Rudd's first statement: in debt according to the voters of Gippsland

By-elections are traditionally unfriendly terrain for governments. They are something like a political Twenty-Twenty match, exaggerating the effect of local issues and suppressing the overall standing of the party leaders. With the government out of election mode, there are few policy handouts to focus self-interest. This leaves the voters to 'judge the government' on its operating machinery, rarely an enterprise the government comes out on top in.

The Gippsland result was consequently never likely to produce a Labor win, however the magnitude of the defeat bears some examination. It is questionable whether Labor's candidate was particularly strong, being neither particularly popular nor having much of a message for people straining under high petrol and food prices. It is possible that he was the fourth or fifth best candidate running. Labor did terribly in La Trobe, Victoria's coal heartland, which was no doubt due to concerns over climate change mitigation taking jobs, living costs and the 'Bundy and Coke' backlash, plus the Liberal candidate was well-known in those parts. It suggests that Gippsland will become a progressively safer seat for the conservatives as time goes on. Indeed, it points to a loss here being catastrophic for both the Liberals and Nationals.

Sheer mathematics may have exaggerated the size of the defeat. There is some argument that the Liberals' decision to field a candidate contributed to some of the anti-National protest vote going to the Liberals and then back to the Nationals via preferences. Certainly Gippsland has a high proportion of former One Nation voters who would not be in broad sympathy with Rudd's agenda on climate change, Asian engagement or reconciliation.

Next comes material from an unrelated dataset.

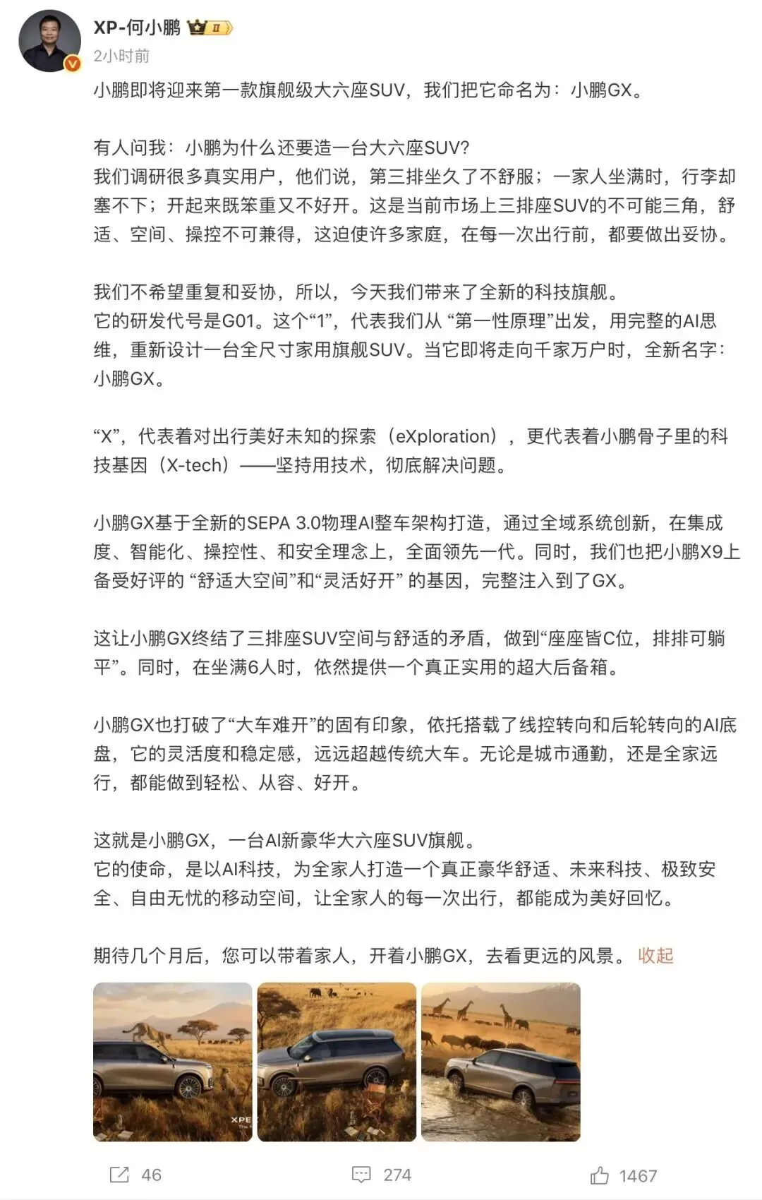 2月5日,一直聚焦5座轿车或中型SUV市场的小鹏汽车,表示将推出首款六座SUV。公司官宣称,首款六座科技豪华旗舰SUV——小鹏GX将正式推出。

However the effect of these local factors does not excuse Canberra altogether. Following Rudd's election last year, Peregrine made the following observation on the reasons for his high approval:

Rudd's approval rating seems to not be giving him the type of blank cheque voters offered a Coalition government running on 'keeping interest rates low' and border security. It is a loan that he has taken out on promises of taking concrete action on climate change, restoring the position of employees in the labour market, fixing the health system and improving the position of 'working families' on housing affordability, rents, grocery and petrol prices and child care.

The big question will Rudd have the political capital to pay up when the voters collect their debts.

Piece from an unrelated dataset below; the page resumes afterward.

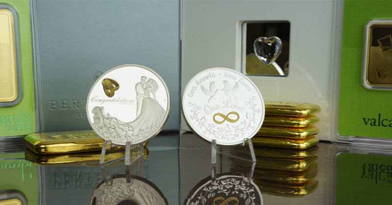 Веднага щом се получи поканата за сватбата, мисълта за подаръци за булката и младоженеца започва веднага. Когато се търси специален и незабравим сватбен подарък, погледите все по-често се насочват към инвестиционните златни, сребърни и колекционерски монети, които често се наричат и подаръци за бъдещето.

The early evidence from Gippsland is that Rudd might not have spent much political capital but he has not repaid the trust shown in him yet either. The nanoeconomics of petrol and grocery prices are dwarfing all other issues, and Rudd has yet to have any concrete policy achievements on health or housing affordability. On the Gippsland climate change index he is even further behind. Here not only will action be critical, but retraining and business restructuring will be vital as the coal industry plays a major role in this part of Victoria.

In short, Gippsland represents a vote of confidence in the local National candidate and a vote of concern against a government that has not done anything to inspire confidence that jobs will be protected and services will improve. Instead all some voters have seen are long-term aspirations and short-term price rises, things they find even less appealing than Brendan Nelson.